* _SUPPLIED DATA_:

^^^^

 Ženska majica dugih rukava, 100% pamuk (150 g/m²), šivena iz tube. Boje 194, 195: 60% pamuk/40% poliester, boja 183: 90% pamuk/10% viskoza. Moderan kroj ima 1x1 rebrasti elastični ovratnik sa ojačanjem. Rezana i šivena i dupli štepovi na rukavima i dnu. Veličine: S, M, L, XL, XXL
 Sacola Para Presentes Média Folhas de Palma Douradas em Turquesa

^^^^

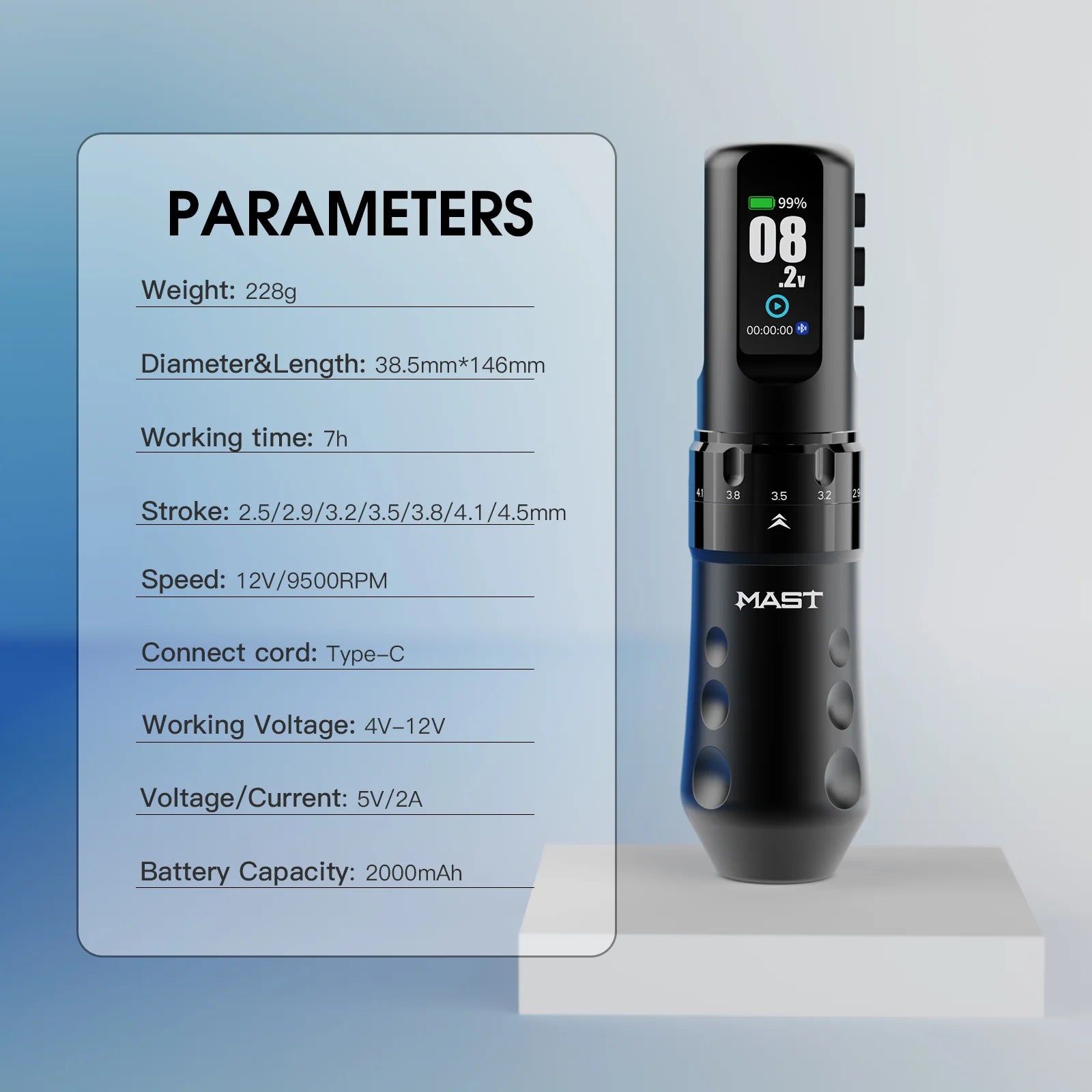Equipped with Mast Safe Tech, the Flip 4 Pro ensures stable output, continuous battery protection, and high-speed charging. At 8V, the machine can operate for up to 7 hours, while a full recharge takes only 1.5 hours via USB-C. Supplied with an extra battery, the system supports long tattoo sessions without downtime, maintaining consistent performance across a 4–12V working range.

^^^^

* _ACTION ITEM_:
Copy the lines of the data above exactly as written, beginning with the line containing "Ženska majica dugih" and ending with the line containing "Sacola Para Presentes", and leave out all other lines.

* _RESPONSE_:
 Ženska majica dugih rukava, 100% pamuk (150 g/m²), šivena iz tube. Boje 194, 195: 60% pamuk/40% poliester, boja 183: 90% pamuk/10% viskoza. Moderan kroj ima 1x1 rebrasti elastični ovratnik sa ojačanjem. Rezana i šivena i dupli štepovi na rukavima i dnu. Veličine: S, M, L, XL, XXL
 Sacola Para Presentes Média Folhas de Palma Douradas em Turquesa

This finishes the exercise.